Bought Desperation and The Regulators in hardback, then wished I hadn’t. :slight_smile:

But there’s that cool effect when you lay the books side by side and you see that the two covers make one picture. :wink:

I told someone not too long ago that I thought King was starting to get lazy and cheat in his books. Nowadays, seems to me he throws in a lot of supernatural crap that isn’t part of the problem, but is in fact a tidy little solution.

I still like his characters and their stories, I just wish he’d have stuck to more having the good guy rely on his own
wits/powers/whatever then throwing in a stupid, totally implausible subplot that saves the day.

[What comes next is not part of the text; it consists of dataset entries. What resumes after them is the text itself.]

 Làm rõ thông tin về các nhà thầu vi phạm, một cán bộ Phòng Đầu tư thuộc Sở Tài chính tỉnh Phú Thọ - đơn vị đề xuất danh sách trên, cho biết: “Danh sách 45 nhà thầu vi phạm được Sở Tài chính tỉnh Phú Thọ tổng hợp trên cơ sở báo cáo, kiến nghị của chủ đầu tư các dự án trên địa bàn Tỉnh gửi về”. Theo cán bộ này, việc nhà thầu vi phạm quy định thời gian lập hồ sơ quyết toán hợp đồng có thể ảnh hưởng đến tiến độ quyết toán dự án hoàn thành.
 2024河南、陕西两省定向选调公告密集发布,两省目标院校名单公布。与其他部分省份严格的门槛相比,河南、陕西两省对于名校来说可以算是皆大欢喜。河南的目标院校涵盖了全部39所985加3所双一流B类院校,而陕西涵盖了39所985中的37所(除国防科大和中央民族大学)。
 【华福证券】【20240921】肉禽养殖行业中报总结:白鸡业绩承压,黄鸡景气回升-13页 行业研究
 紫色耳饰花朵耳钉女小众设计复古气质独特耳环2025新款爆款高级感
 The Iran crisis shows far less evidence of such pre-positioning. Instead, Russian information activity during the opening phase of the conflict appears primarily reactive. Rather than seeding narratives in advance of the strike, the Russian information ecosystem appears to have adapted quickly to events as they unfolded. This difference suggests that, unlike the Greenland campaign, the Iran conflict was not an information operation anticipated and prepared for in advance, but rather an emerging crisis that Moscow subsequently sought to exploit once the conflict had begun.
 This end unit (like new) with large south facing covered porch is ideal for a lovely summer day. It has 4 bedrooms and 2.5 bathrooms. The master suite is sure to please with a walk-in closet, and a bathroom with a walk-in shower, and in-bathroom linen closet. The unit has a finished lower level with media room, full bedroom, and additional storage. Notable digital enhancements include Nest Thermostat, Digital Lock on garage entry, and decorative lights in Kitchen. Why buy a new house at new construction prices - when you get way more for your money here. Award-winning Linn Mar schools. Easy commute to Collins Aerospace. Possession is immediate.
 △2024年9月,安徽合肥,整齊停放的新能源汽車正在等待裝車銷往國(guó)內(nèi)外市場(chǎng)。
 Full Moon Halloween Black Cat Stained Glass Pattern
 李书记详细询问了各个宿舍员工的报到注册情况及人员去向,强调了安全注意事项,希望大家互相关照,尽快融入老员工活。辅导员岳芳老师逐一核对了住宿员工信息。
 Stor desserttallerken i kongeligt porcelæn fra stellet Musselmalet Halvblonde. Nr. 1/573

I liked Insomnia on the whole, but I got real tired of the references to the Gunslinger books. Since I am not into the Gunslinger, I hate that I spent all that time reading a pretty good book only to find out the whole damn purpose of the plot was (SPOILER COMING)

to have the protagonist save the life of a character that would be needed in another book.

(I won’t spoil it for the rest of you)

Generally speaking, I’m liking fewer and fewer of his recent books. I loved “Bag of Bones,” “Insomnia,” “The Green Mile,” and “The Girl Who Loved Tom Gordon,” but I did not like “Dreamcatcher,” “Desperation,” “Regulators,” and “Rose Madder.”

I read BH because I’m a full-fledged, card-carrying member of the Stephen King fan club and I felt it was my duty. That said, I didn’t take much away from this tome as I had hoped.

I regret that I didn’t read his on-line piece, the name escapes me now. Was it worth the price?